Step 3: Pay Down Technical Debt for Increased Stability: These insights also tell us where our systems are most vulnerable to breakages, likely the areas where technical debt has been accrued through coding shortcuts, unresolved low-level defects, or lagging patching. Now the teams have time to pay this down and can plan their work (they can do this for toil automation, too) by writing user stories in their backlog. The teams can monitor their backlog over time now for work types – they’ll see that unplanned work dropping, an increase in toil automation, and tasks addressing technical debt. Then those will start to decrease too as the systems become more stable.
Step 4: Use Chaos Engineering for Antifragility: Once the systems have achieved sufficient stability and the teams are confident and can see they have the time available, they can start planned, controlled experiments to break them and learn from the results. We move beyond stability here towards resilience and then antifragility.
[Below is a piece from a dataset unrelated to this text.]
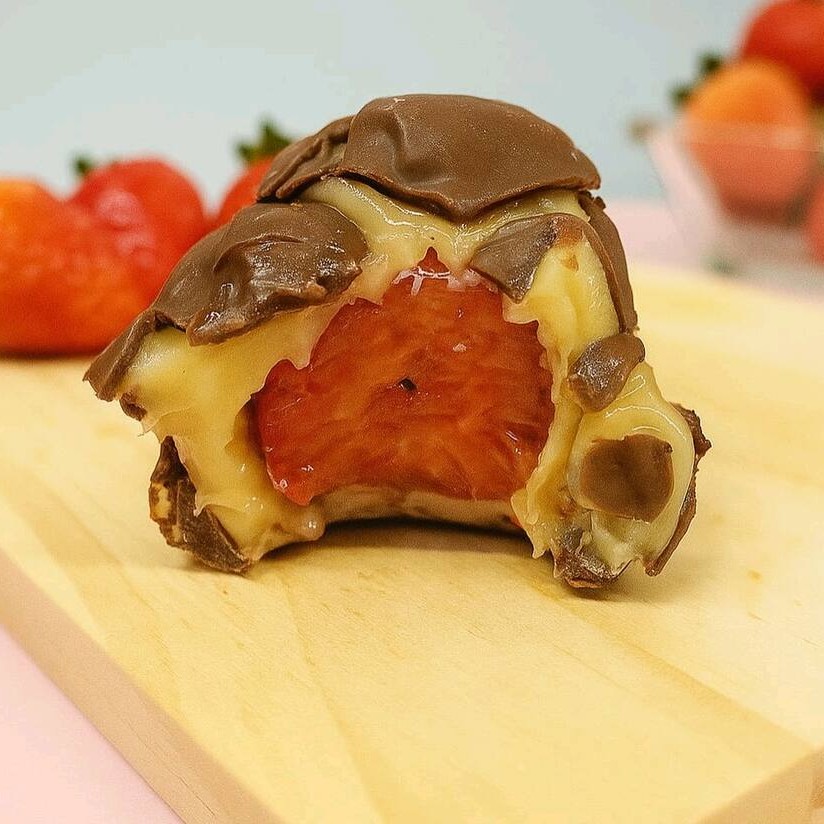 Morango fresco , envolto no brigadeiro de Ninho , finalizado numa casquinha de chocolate ao leite .

Step 5: Add More Automation for Self-healing Systems: All this time, the team now has on their hands! Unplanned work is close to zero since the causes of it have been resolved, there’s no toil left, and even when something bad does happen, it’s so quick to discover and resolve it. The team’s practiced automation to pay down that toil, and now they can take it a step further and automate fixes. This is self-healing; think of it as teaching your machines to look after themselves and each other.
There’s only really one that matters; the sublime customer experience. If your customers are happy (and your business model works), you will have a high-performing organization. As your teams evolve their observability and AIOps capabilities, your customers can experience uninterrupted service. Another work item type the teams can be working on is innovation – this is value creation for your customers. This is the stuff that differentiates you from your competitors and propels you to the top of your market.